Dataset entries:
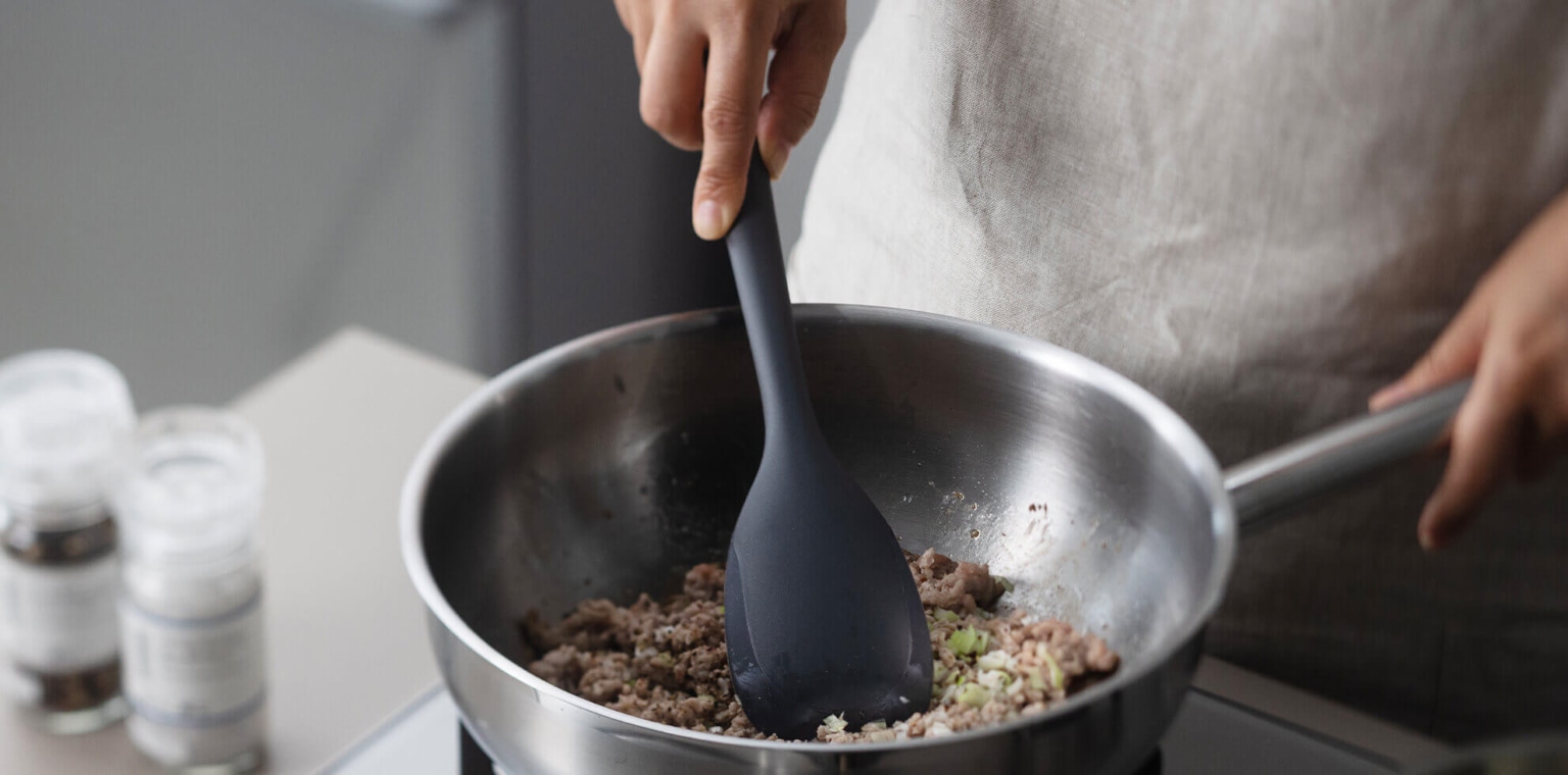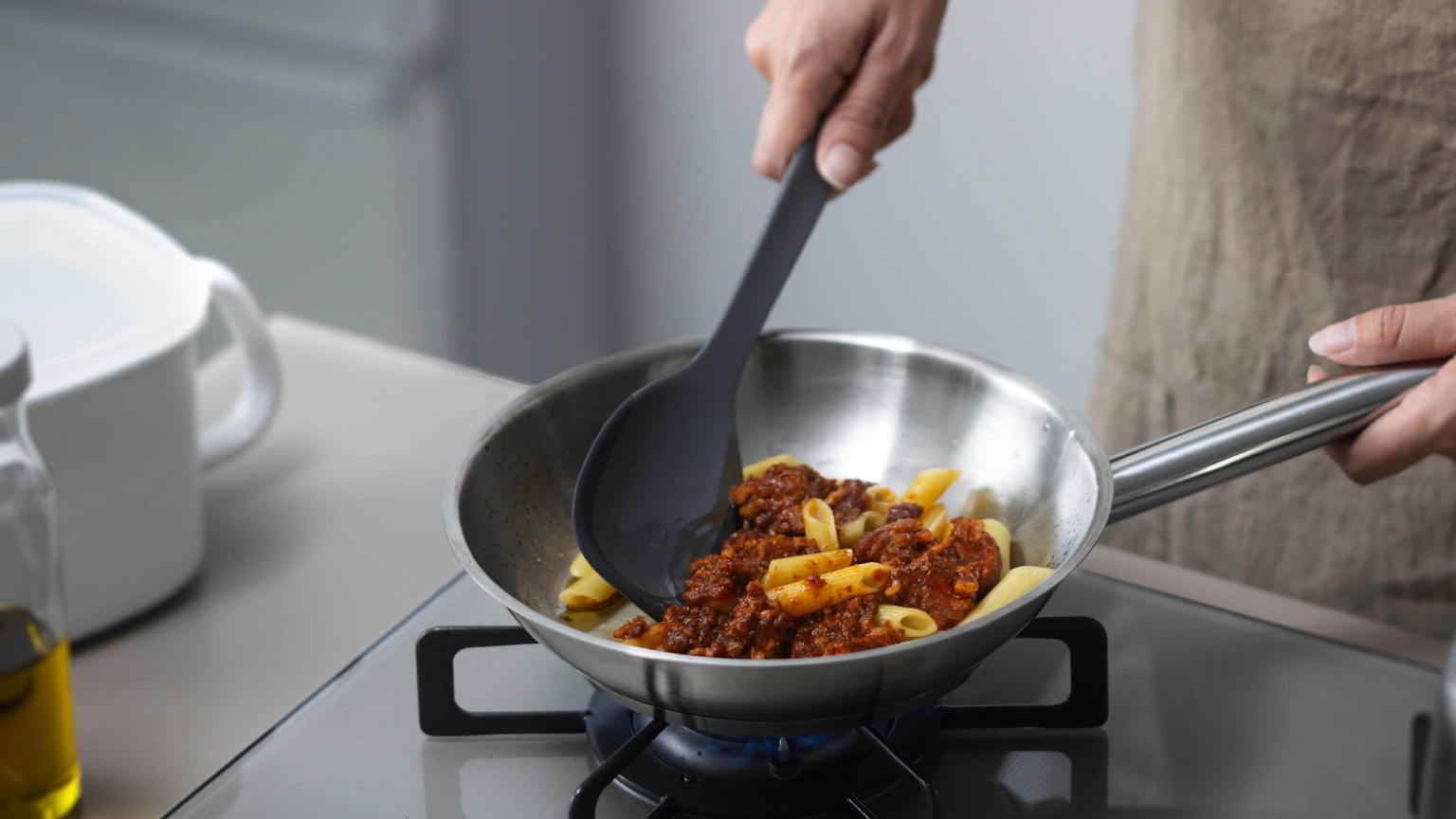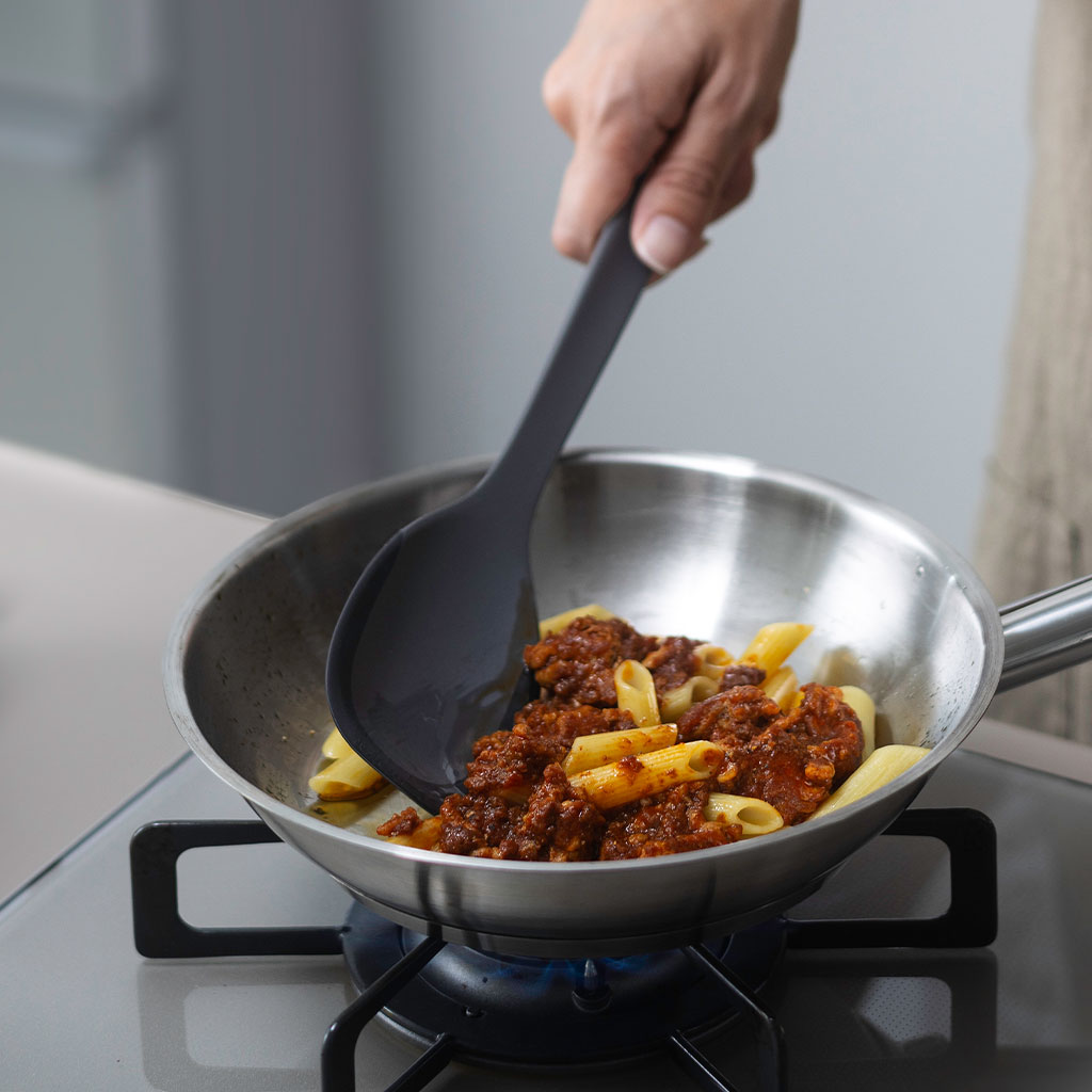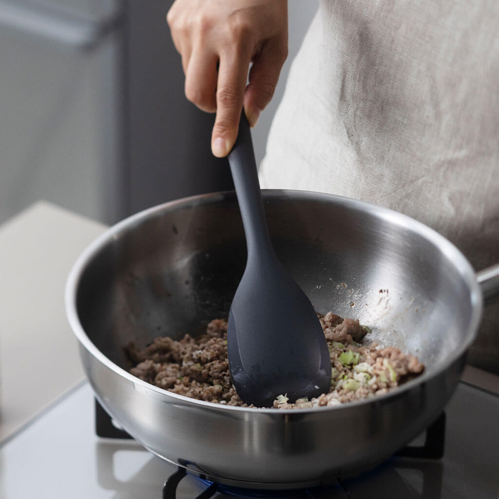フライパンや鍋肌に沿うスプーン形状と縁を囲うように付いたシリコーンで、残さずすくい取りながら混ぜられます。
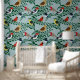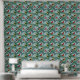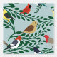 Vele soorten vogels op takken; robins, kardinalen, houten peckers, goudvinken, mus en magneten op een blauwgroen achtergrond.
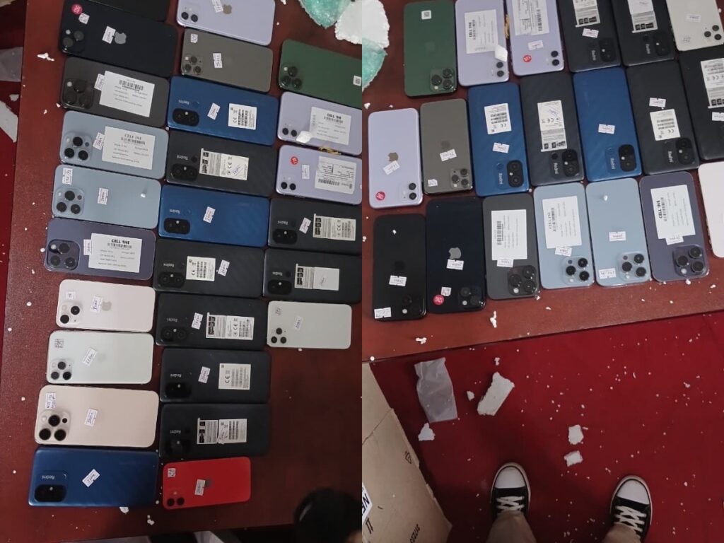 Upon inspection, officers recovered approximately 900 assorted mobile phones believed to have been stolen.
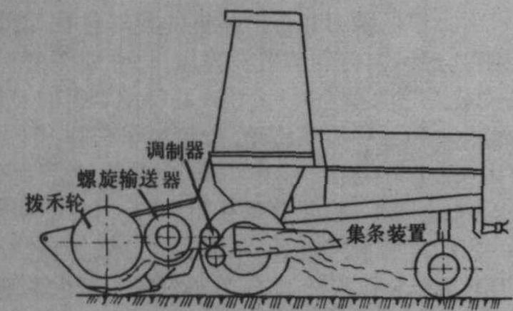 割草调制机 拨禾轮常采用喂入和铺放性能好的凸轮控制式,同时其转速常能达到很高(拨禾轮圆周速度达到前进速度的2倍),且可安装在机器的前下方,这样,使割草调制机可以在牧草严重倒伏的情况下工作。 调制器按作用原理可分为滚压式、冲击式和梳刷式三种。滚压式调制器应用广泛,它由一对相对转动的辊子组成。按照辊子表面形状,分为压扁辊和碾折辊两种。压扁辊是光面,可进行牧草茎秆的压扁。碾折辊带有沟槽,能对茎秆每隔2.5~5厘米进行横向弯折和碾裂。辊子由钢制,直径为150~250毫米,表面圆周速度为7~9米/秒。两辊由弹簧作用而相互压紧,压紧力为每米辊长4.4~5.3千牛。碾折辊的两辊径向重叠量为9~16毫米,以形成牧草的弯折和碾裂。有时碾折辊由硬橡胶制,带有人字形沟槽,同时起压扁和碾折作用。冲击式和梳刷式调制器的工作部件分别为冲击转子和梳刷转子,工作时由旋转的转子将牧草茎秆表面的角质膜刷掉,以加速内部水分蒸发,起到调制作用,但牧草损失较大,因此这两种调制器应用较少。 调制器的辊子长度一般为2米左右,具有旋转式切割器的割草调制机,切割器割幅往往和调制辊工作幅相同,称为全幅调制式,此时在切割器和调制辊之间不需要输送器。小型的具有往复式切割器的割草调制机也属于全幅调制式。往复式切割器割幅大于调制辊长时,需有输送器。输送器有螺旋式和输送带式两种。螺旋式输送器为横向配置,将两侧牧草向中央输送,然后由调制辊进行调制。输送带式输送器也分成左右两段横向配置,将割下的牧草送向中央并落于地面,形成位于中央的草条,调制辊再捡拾草条并进行调制,然后经过集条装置落于地上。带输送带式输送器的割草调制机,其调制器往往是可拆的,拆去后即成为割晒机,可用来收获谷物。 集条装置是两块向后收缩的倾斜板,以便集成较窄的草条。集成的草条宽度为1~1.2米。 |
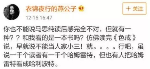 以“锦衣夜行燕公子”为首的一些网友,对她的读后感非常不满。
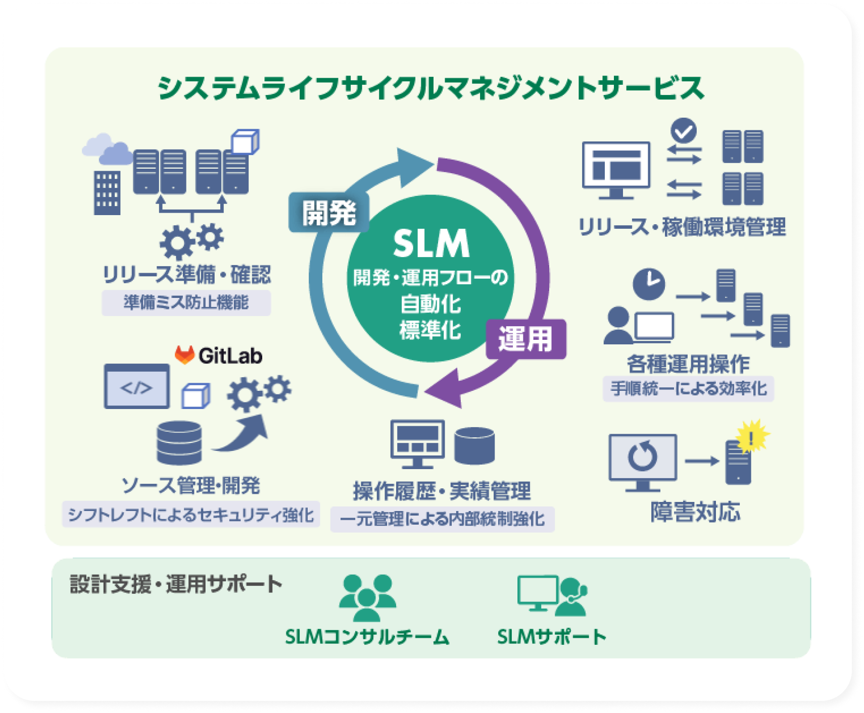 お客さまのシステム運用プロセスおよび課題の整理・分析を行い、SLMを取り入れた効率的な運用方法を提案します。スモールスタートでの運用展開も可能です。
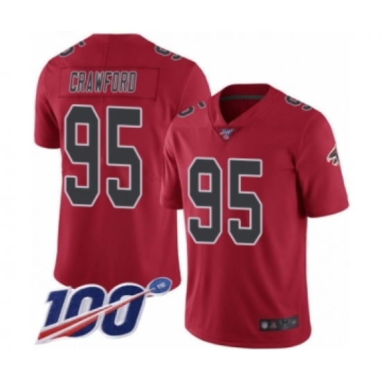 >Men's Atlanta Falcons #95 Jack Crawford Limited Red Rush Vapor Untouchable 100th Season Football Jersey
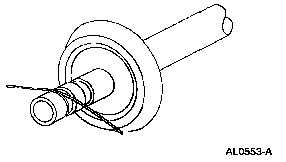6. Remove the A/C tube lock coupling spring with a small hooked wire.
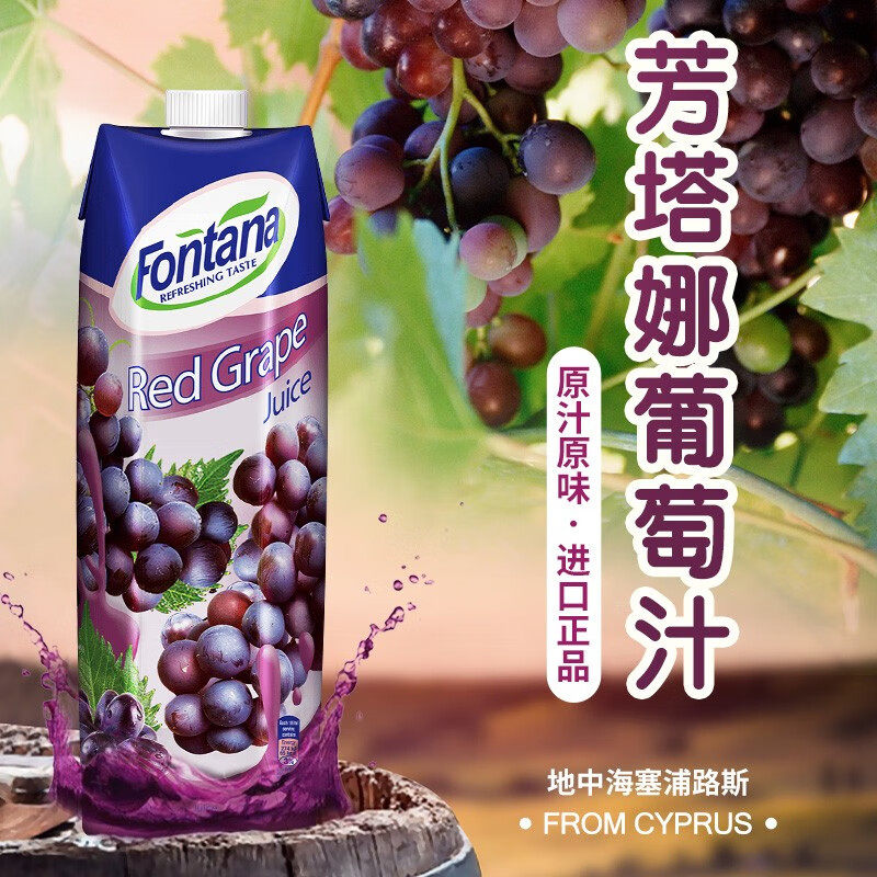 塞浦路斯fontana芳塔娜100%红葡萄汁1L*2果汁无添加0脂酒席饮料
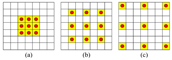 Figure 3 shows the dilated convolution kernel with three different intervals. Rate represents the interval of the dilated inside the convolution kernel. Figure 3a is the dilated convolution of 3 × 3, rate = 1, and the receptive field range of the convolution kernel is 3 × 3. Figure 3b is the dilated convolution of 3 × 3, rate = 2, and the receptive field of the convolution kernel increases to 7 × 7. Figure 3c is the dilated convolution of 3 × 3, rate = 3, and the receptive field of the convolution kernel increases to 15 × 15, which ensures that the convolutional network can extract the feature information in a larger field of vision.
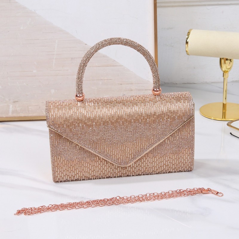 Get a touch of magic with the elegant evening bag feaTorinog its sophisticated colors and beautifully adorned with rhinestones, complemented by a crystal-studded handle, making it perfect for your evening looks.
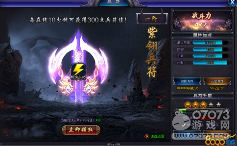 每天除了三次的免費洗煉的機會以外,還可以用銅錢洗煉和元寶洗煉,銅錢洗煉每次需要消耗1000000銅錢,元寶洗煉每次需要50元寶。每在線十分鐘可獲得300點兵符值,除了累積的兵符值外,還可以通過戰(zhàn)功令來升星,戰(zhàn)功令在碧血幽閣里打BOOS掉落。
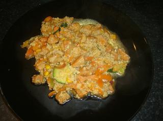 U nas vcera hubovy perkelt s haluskami, dnes morcacie stehno so zeleninou a kuskusom..
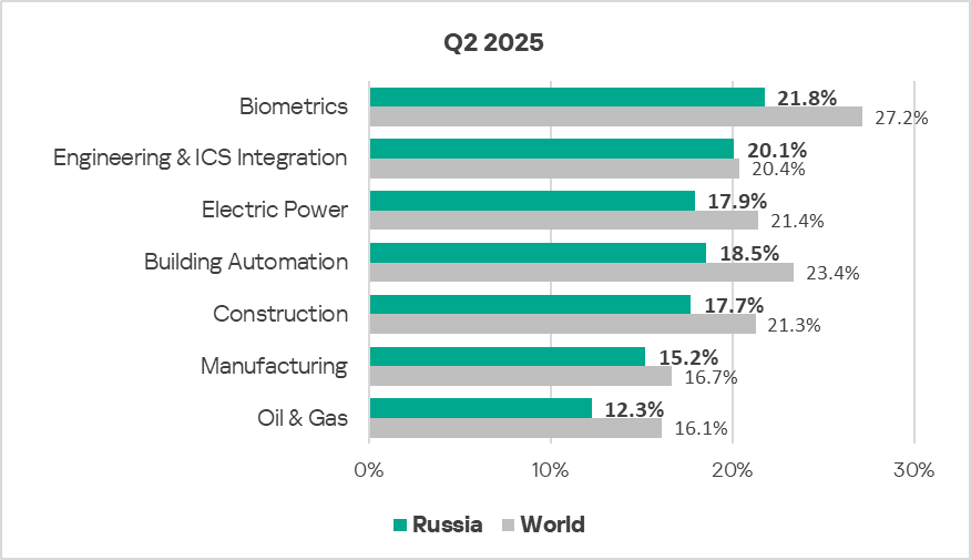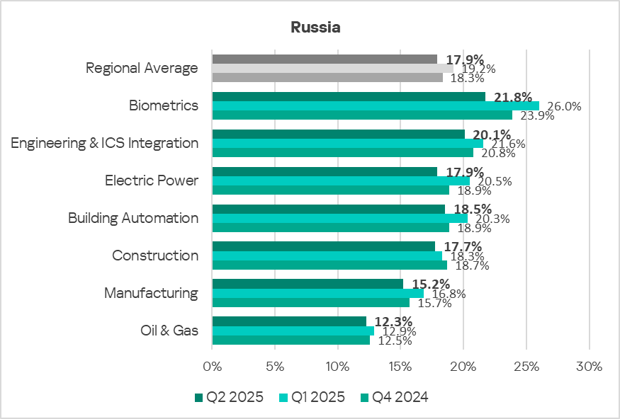 In Russia, of all the industries and OT infrastructures covered in the report, malicious objects are most often blocked in biometric systems.
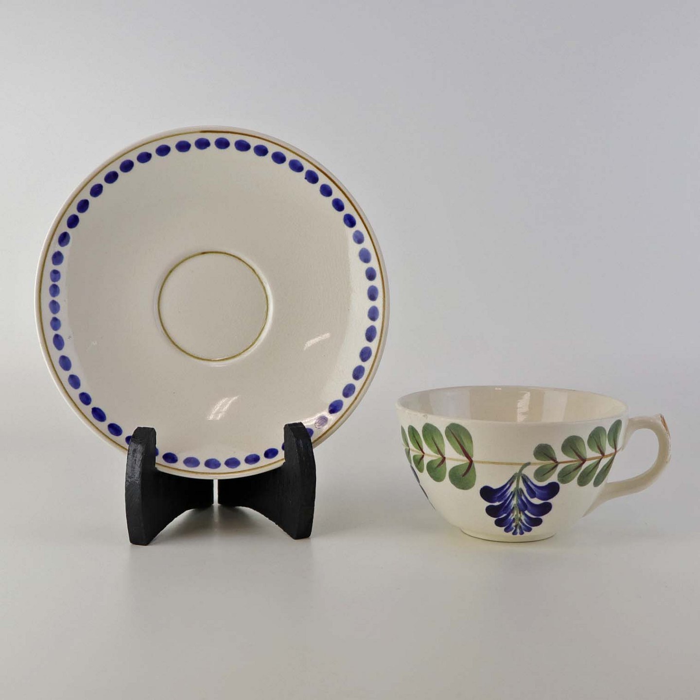 Tekop med underkop i fajance fra stellet Blåregn. Stellet er fremstillet i perioden år 1903-1933. Nr. 522/1756

TASK INSTRUCTIONS: Nothing but the lines above, starting at the line that contains "6. Remove the" and ending at the line that contains "塞浦路斯fontana芳塔娜100%红葡萄汁1L*2果汁无添加0脂酒席饮料", should be given again, exactly and without the pictures.

SOLUTION BELOW:
6. Remove the A/C tube lock coupling spring with a small hooked wire.
 塞浦路斯fontana芳塔娜100%红葡萄汁1L*2果汁无添加0脂酒席饮料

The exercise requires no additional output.